Marc Bembekoff is a freelance exhibition curator specialising in experimental cinema. A co-founder of the Le Bureau/ exhibition curators’ collective, he is currently a curator at the Palais de Tokyo in Paris.
Untitled, (12th Istanbul Biennial), 2011
Curated by Adriano Pedrosa and Jens Hoffmann
September 17 - November 13
Istanbul, Turkey
"The visual identity and the title of the 12th Istanbul Biennial—Untitled (12th Istanbul Biennial), 2011—reference the work of the Cuban American artist Felix Gonzalez-Torres (1957–1996), one of the most important artists of the contemporary era."... "The curators of the 12th Istanbul Biennial, to remain in line with Gonzalez-Torres’s idea of “Untitled”, developed a critical position toward preconceived notions of the exhibition and did not declare the list of participating artists until the opening. Thus they proposed to prevent any possible pre-consumption of the exhibition. The 12th Istanbul Biennial aims to draw attention to the importance of the exhibition, the primary format of artistic and curatorial expression, in response to the mentality today favoring ancillary events and programming, especially in a biennial context. The biennial is precisely installed in a single, carefully constructed space, Antrepo 3 and 5, in a manner that privileges the display and juxtaposition of the artworks."

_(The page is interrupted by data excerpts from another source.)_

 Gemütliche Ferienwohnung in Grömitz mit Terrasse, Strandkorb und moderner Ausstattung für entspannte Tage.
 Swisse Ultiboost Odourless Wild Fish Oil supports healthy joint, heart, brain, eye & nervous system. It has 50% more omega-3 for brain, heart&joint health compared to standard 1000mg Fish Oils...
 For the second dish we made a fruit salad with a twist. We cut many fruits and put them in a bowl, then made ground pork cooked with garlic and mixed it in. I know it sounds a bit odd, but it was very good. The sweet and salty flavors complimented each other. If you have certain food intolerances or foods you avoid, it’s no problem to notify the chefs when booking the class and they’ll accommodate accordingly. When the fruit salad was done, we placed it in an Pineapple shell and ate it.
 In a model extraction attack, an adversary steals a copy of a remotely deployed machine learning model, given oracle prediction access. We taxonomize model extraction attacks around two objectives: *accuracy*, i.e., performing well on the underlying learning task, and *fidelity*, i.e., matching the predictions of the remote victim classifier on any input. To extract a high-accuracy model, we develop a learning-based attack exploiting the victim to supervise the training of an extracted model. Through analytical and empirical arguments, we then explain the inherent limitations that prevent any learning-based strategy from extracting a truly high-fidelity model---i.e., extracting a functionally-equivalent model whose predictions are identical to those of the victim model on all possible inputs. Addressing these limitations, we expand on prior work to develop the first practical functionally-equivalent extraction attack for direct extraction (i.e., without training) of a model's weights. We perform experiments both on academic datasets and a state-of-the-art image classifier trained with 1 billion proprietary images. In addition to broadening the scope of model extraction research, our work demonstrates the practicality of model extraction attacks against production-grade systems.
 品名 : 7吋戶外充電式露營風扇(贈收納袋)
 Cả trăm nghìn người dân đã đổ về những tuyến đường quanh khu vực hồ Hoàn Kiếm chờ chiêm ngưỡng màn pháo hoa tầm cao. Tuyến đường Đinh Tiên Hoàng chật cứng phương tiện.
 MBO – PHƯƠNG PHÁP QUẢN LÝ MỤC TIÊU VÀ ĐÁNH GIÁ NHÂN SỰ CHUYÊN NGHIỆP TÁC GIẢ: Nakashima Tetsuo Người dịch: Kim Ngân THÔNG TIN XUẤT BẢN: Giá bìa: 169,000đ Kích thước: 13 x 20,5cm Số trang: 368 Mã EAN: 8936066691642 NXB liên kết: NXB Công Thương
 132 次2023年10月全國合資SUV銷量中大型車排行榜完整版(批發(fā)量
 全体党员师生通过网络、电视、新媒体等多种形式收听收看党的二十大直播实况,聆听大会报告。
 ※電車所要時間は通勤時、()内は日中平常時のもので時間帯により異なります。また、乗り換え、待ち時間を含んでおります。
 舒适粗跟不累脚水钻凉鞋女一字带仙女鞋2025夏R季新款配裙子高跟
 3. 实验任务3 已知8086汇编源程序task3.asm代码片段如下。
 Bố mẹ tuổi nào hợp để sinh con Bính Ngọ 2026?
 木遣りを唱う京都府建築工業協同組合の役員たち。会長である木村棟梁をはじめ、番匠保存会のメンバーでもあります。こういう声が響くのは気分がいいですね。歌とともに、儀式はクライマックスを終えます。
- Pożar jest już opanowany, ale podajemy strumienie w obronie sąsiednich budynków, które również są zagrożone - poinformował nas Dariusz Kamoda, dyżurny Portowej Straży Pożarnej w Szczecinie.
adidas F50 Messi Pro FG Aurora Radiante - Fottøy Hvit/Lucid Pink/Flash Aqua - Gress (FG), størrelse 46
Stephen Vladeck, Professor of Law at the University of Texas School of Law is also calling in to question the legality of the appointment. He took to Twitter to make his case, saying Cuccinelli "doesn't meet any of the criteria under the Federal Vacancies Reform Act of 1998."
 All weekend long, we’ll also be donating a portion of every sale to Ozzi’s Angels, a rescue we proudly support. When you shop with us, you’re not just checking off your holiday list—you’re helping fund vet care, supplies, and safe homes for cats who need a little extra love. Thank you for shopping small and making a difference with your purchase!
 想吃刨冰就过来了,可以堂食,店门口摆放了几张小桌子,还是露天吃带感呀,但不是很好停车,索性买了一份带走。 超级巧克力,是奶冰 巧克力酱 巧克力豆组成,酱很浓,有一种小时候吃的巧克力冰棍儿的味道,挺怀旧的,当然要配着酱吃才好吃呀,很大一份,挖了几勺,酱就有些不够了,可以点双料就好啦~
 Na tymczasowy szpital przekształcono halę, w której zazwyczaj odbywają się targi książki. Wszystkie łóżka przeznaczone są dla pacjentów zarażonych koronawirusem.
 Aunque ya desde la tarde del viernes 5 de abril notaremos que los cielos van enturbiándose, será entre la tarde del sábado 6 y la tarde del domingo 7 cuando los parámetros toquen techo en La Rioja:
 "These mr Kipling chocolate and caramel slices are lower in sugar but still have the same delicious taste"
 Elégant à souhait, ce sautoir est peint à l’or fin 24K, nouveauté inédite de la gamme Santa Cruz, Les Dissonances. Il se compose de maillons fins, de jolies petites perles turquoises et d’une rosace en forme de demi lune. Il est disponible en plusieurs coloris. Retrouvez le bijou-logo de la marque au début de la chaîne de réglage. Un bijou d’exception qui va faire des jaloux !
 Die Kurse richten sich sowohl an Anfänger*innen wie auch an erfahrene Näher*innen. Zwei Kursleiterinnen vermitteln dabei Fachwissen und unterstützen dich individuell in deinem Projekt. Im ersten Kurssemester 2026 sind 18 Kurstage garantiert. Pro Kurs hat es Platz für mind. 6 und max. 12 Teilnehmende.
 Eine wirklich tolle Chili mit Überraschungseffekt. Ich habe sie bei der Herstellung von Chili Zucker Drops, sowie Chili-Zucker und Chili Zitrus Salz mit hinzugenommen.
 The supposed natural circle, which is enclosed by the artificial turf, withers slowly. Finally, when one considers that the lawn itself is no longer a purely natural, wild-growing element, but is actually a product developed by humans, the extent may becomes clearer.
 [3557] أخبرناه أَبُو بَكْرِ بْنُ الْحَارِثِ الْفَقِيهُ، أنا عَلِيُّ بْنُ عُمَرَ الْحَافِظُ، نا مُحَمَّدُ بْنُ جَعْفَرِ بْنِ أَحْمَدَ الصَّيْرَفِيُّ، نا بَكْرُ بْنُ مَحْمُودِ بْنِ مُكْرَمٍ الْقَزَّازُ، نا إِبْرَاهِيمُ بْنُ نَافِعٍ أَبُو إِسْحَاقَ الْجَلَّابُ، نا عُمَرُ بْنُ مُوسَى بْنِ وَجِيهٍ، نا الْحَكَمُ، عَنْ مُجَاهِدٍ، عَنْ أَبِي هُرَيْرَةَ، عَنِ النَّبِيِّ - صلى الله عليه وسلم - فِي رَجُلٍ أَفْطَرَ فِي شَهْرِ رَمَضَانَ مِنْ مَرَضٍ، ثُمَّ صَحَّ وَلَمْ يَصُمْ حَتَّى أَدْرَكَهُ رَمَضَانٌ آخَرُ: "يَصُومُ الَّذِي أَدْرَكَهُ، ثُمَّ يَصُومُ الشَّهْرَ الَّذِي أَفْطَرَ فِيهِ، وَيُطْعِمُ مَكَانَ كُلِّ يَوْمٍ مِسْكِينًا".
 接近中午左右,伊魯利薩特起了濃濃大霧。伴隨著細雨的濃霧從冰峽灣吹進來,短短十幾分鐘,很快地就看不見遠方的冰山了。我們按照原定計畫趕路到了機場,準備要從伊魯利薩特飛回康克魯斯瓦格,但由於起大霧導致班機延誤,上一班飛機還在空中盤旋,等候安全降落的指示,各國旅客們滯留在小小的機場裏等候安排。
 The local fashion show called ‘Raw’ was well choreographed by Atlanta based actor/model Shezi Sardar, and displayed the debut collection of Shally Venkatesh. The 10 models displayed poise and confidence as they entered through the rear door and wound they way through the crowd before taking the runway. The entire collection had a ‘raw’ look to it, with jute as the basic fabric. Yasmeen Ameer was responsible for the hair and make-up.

Vesna Pavlovic: Projected Histories
The Frist Center for the Visual Arts
June 24–September 11, 2011
Nashville, TN
This exhibition will include photographs taken in Vesna Pavlovic’s native Serbia and the United States over the last two decades. Focusing on sites and events of cultural significance, Pavlovic examines the power of photography to shape the perception of history as an expression of people’s dreams and aspirations by projecting and conflating self-images and national ideologies.
The exhibition begins with a selection of photographs that were taken in Serbia during the 1990s and explores the failure of utopian modernism under Communism while posing questions about the veneer of normalcy maintained during the civil war and allied bombardment. It concludes with an installation of recent works that considers the values and consumerist ideologies relating to contemporary American life.
Vesna Pavlovic’: Projected Histories is organized by the Frist Center for the Visual Arts.